Stoneking studied an undergraduate course in anthropology from 1974 at the University of Oregon, United States, from where he obtained a Bachelor of Arts (B.A.) degree in 1977. He shifted to the Pennsylvania State University to obtain MS in genetics in 1979, and subsequently a similar master's degree from University of Wisconsin, Madison in 1981. His master's degree was on evolutionary genetics of salmonid fish. Captivated by the emerging research on mitochondrial DNA, in 1981 he joined Allan Wilson, a renowned biochemist at the Department of Biochemistry, University of California, Berkeley, under whose supervision he got a PhD in 1986. His research was on human mtDNA variation, a follow-up of the work of Rebecca Cann, who was just completing her doctoral thesis from the same supervisor. He continued as Postdoctoral Fellow in 1986 at Berkeley and completed it in 1988. [1] [2]
In 1989, he joined the Human Genome Center at the Lawrence Berkeley Laboratory, Berkeley, as a Staff Scientist. Then he worked as an Associate Research Scientist at the Department of Human Genetics, Cetus Corporation, Emeryville, California for a year. In 1990, he entered the faculty of Assistant Professor the Department of Anthropology, Pennsylvania State University as assistant professor. He was promoted to Associate Professor in 1994 and a full professor in 1998. During 1996-1997 he served as a visiting professor at the Zoology Institute, University of Munich, Germany. In 1999, he got an appointment in the Department of Evolutionary Genetics, Max Planck Institute for Evolutionary Anthropology, Leipzig, as the Group Leader. He concurrently serves as an Honorary Professor of Biological Anthropology at the University of Leipzig.

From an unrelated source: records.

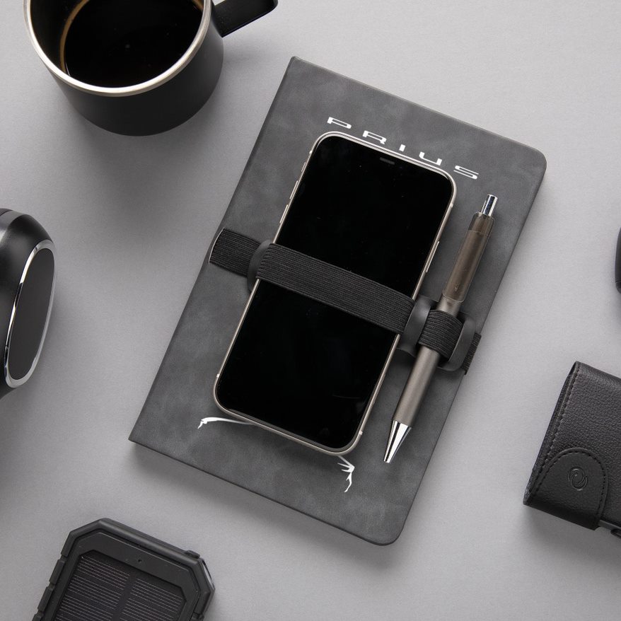 Elegantes A5-Notizbuch mit festem PU-Einband und 80 Blatt/160 Seiten auf liniertem¸ cremefarbenen 70 gm/s Papier – ideal für jedes Meeting. Das Notizbuch ist angenehm weich und hat auf der Vorderseite ein waagerechtes Elastikband mit Halterung für Handy und Stift.
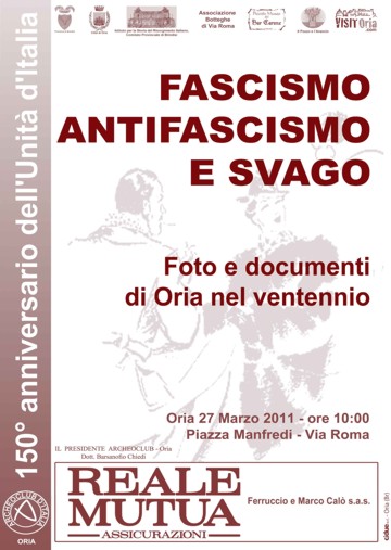 celebrazioni per il 150esimo anniversario per l’Unità d’Italia, interesserà le centralissime piazza Manfredi e via Roma, sul cui tracciato sarà allestita l’esposizione di rare fotografie, preziosi documenti e originali oggetti riguardanti l’Oria del Ventennio fascista, permettendo così ai visitatori di fare un tuffo indietro nel tempo di circa 80 anni anche attraverso la presenza degli esercizi commerciali che per l’occasione si “vestiranno” con riferimenti d’epoca. Interessante anche la sezione dedicata agli oritani antifascisti che militarono contro il regime, aprendo poi la strada verso la democrazia repubblicana. Particolare attenzione sarà dedicata alla tematica dello svago in epoca fascista, impegnato non solo tra i primissimi bar e la piazza del paese, ma anche in attività del cosiddetto “dopolavoro” ed in esercitazioni ginniche per i più giovani.La manifestazione gode del patrocinio della Provincia di Brindisi e della Città di Oria, è si svolgerà in collaborazione con il comitato provinciale di Brindisi dell’Istituto per la Storia del Risorgimento Italiano, l’associazione culturale “Il Pozzo e l’Arancio”, l’associazione “Botteghe di Via Roma” di Oria, il Piccolo Museo del Bar Carone e l’associazione “VisitOria”.
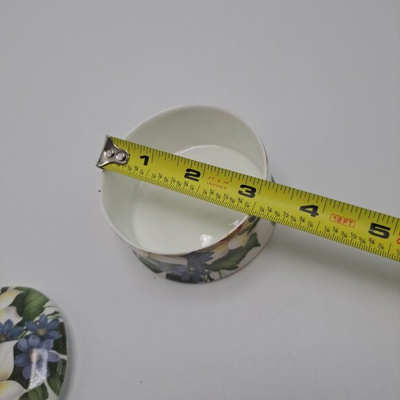 Elegant floral design on fine bone china. Ideal for storing small jewelry or keepsakes. Made in England.
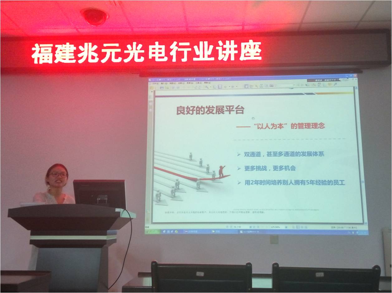 报告会上,福建兆元光电有限公司的人力资源部高淑琴经理为我们介绍了公司概况以及针对于毕业生即将开展的招聘会。福建兆元光电有限公司,位于福州市闽侯县南屿镇福州市生物医药和机电产业园,是由福建省电子信息集团与台湾鼎元公司合资设立,成立于2011年3月,主要从事高亮度发光二极管、LED外延片、LED芯片的制造、封装及应用产品的研发、生产。
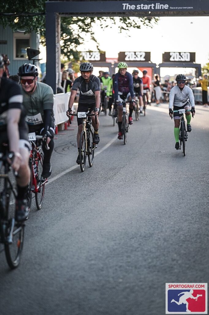 Wyścig zaczyna się o 19:30, kolarzy jest dużo (Fredrik mówił, że w tym roku około 20 tysięcy), więc są podzieleni na grupy. Grupy startują w dwuminutowych odstępach, moja grupa startowała o 20:28. Tak że czekała mnie jazda nocna. Wyposażyłem rower w dodatkowy reflektor, którego używam jak jeżdżę nocą Kolubryną po lasach. Prognoza pogody mówiła, że temperatura w nocy nie spadnie poniżej 11 stopni, więc ograniczyłem dodatkowe ubrania wyłącznie do bluzy rowerowej (tzw. middle layer). Zabrałem też kilka batonów z orzechami i czekoladą i parę izotonicznych napojów energetycznych. Z tymi ostatnimi nie miałem żadnego doświadczenia, ale naczytałem się że to podstawa w takich wyścigach, a w bike expo sprzedawali je na każdym kroku. Były wręcz stacje uzupełniania tych specyfików. Tak że na próbę kupiłem kilka saszetek.
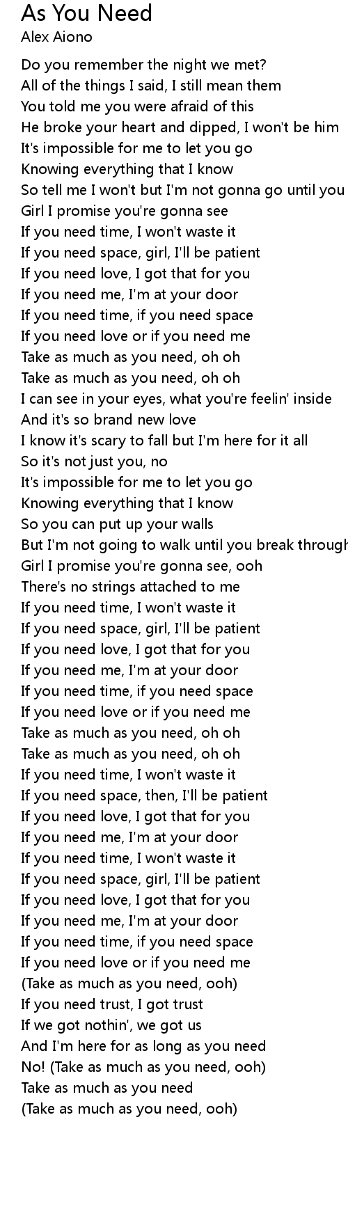 | Song | As You Need |
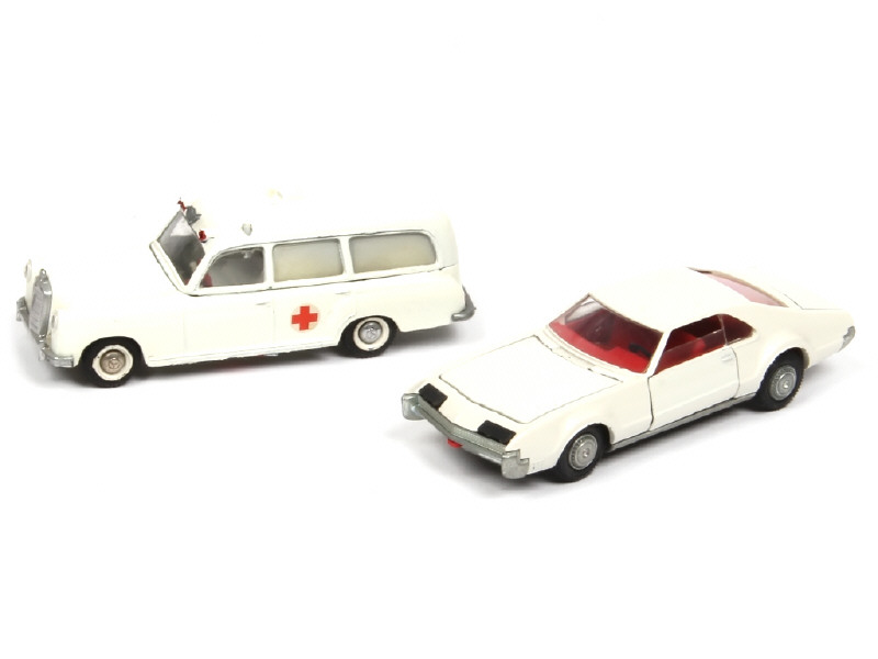 comprend : MERCEDES 220S ambulance (avec fanion) & OLDSMOBILE TORONADO - carrosseries plus ou moins encrassées
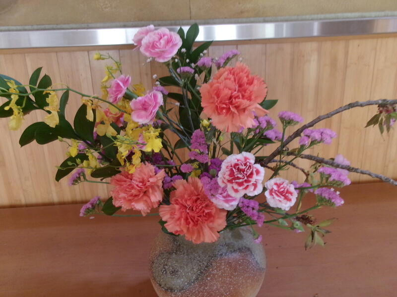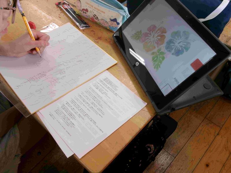 【6年3組:色紙を利用し、詩を書き、そこに花を選んで描いていました。】
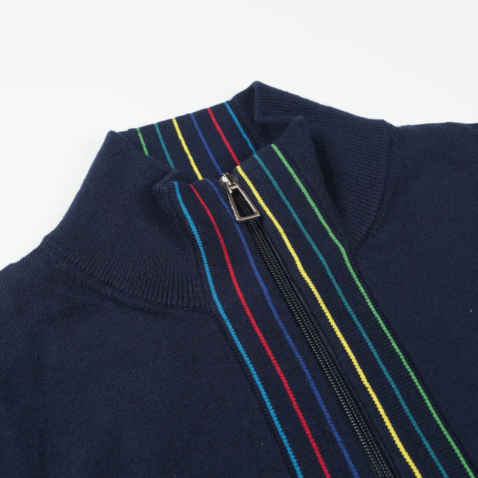 Paul Smith is a distinguished British designer who is renowned for his creative aesthetic, which combines tradition and modernity. Update your wardrobe staples with this option from Paul Smith. This navy cardigan features a signature colour stripe down the centre, zip fastening, long sleeves, ribbed hem and cuffs. Wear this cardigan with a pair of designer jeans and Hoff trainers for a casual weekend look.
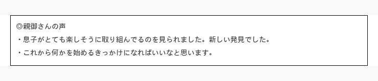 体験に応募したご家庭から実際に寄せられた声をご紹介します。
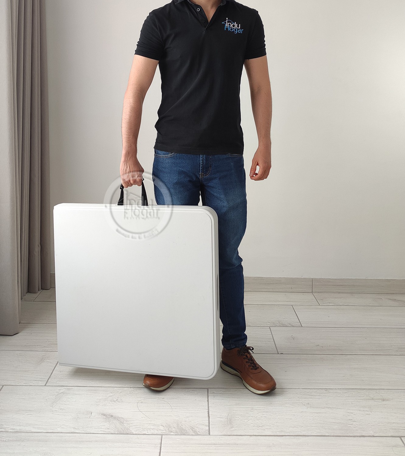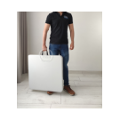 Novedosa mesa multiusos plegable en forma de maletín. Apta para ser utilizada como mesa para el computador, auxiliar para el hogar, eventos recreativos al aire libre tipo picnic y muchos usos mas; puesto que es estable, robusta y ligera. Fácil almacenamiento y traslado ya que se pliega en forma de maletín "Con manija para cargarla". (SILLAS NO INCLUIDAS)
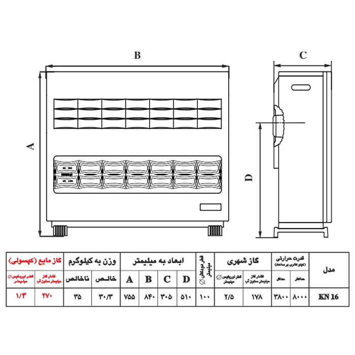 بخاری گازی نیک کالا مدل کیوان KN16 با طراحی زیبا و تمام لعاب با شیشه سکوریت برنزی و سفید سیلک شده و دو چاپ ، یکی از محصولات تولید شده توسط کمپانی نیک کالا و طبق استاندارد ملی ایران ، استاندارد CE و TSE می باشد.
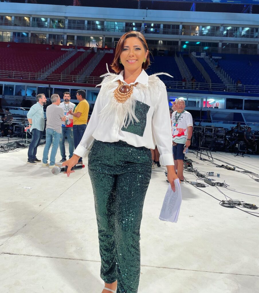 A apresentadora usou as suas redes sociais para destacar sua alegria em apresentar 55° edição do Festival Folclórico de Parintins 2022.
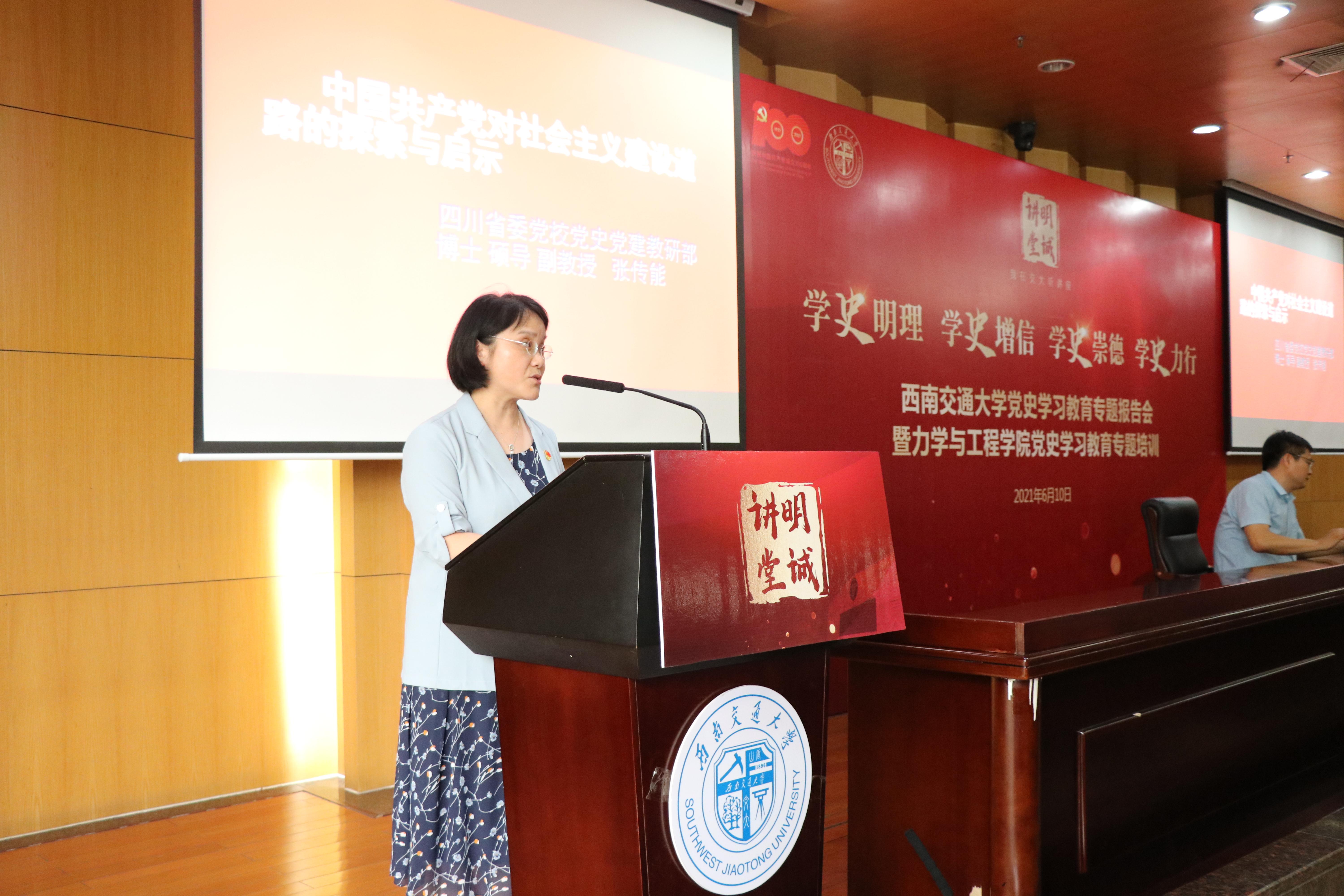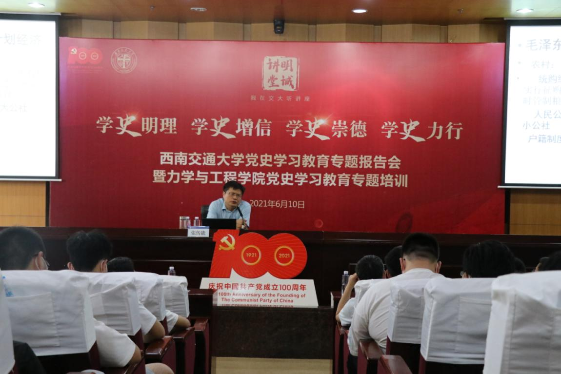 6月10日下午,8827太阳集团官网“明诚讲堂”党史学习教育专题报告会暨力学与工程学院党史学习教育专题培训在犀浦校区图书馆第二报告厅举行。中共四川省委党校教授张传能作了专题报告。本次报告会由党委宣传部和力学与工程学院党委联合举办,力学与工程学院党委书记栗民、院长康国政、学院其他领导班子成员、党委委员、各党支部书记及委员、师生近300人参加了此次报告会,学院党委书记栗民主持报告会。

He has been an Associate Editor of the Journal of Human Evolution (from 1990 to 1993), Human Biology (1993–1997), BioEssays (2004 to present), Anthropological Science, (2004 to present), Evolutionary Biology (Springer Nature, 2007 to present), BMC Genetics (2008 to present), Gene (2009–2010), Investigative Genetics (2009 to present), EMBO Reports (2010 to present), and Language Dynamics and Change (2010 to present). He is also Senior Editor of the Annals of Human Genetics from 2008 to present. He has been in the Technical Working Group, DNA Analysis Methods of FBI between 1993 and 1998, Defense Science Board Task Force on DNA Technology for Identification of Ancient Remains (1994–1995), Wellcome Trust Bioarchaeology Panel (2001–2005), Steering Committee for National Energy Research Council (NERC) Program on Environmental Factors and the Chronology of Human Evolution and Dispersal (EFCHED) (2001–2006). He is also a member of the Advisory Committee, The Role of Culture in Early Expansions of Humans, Heidelberg Academy of Sciences since 2008; Advisory Board, US National Evolutionary Synthesis Center since 2011; and chair, Scientific Advisory Committee of the Program on Forensics and Ethnicity, Philippine Genome Center, since 2011. [2]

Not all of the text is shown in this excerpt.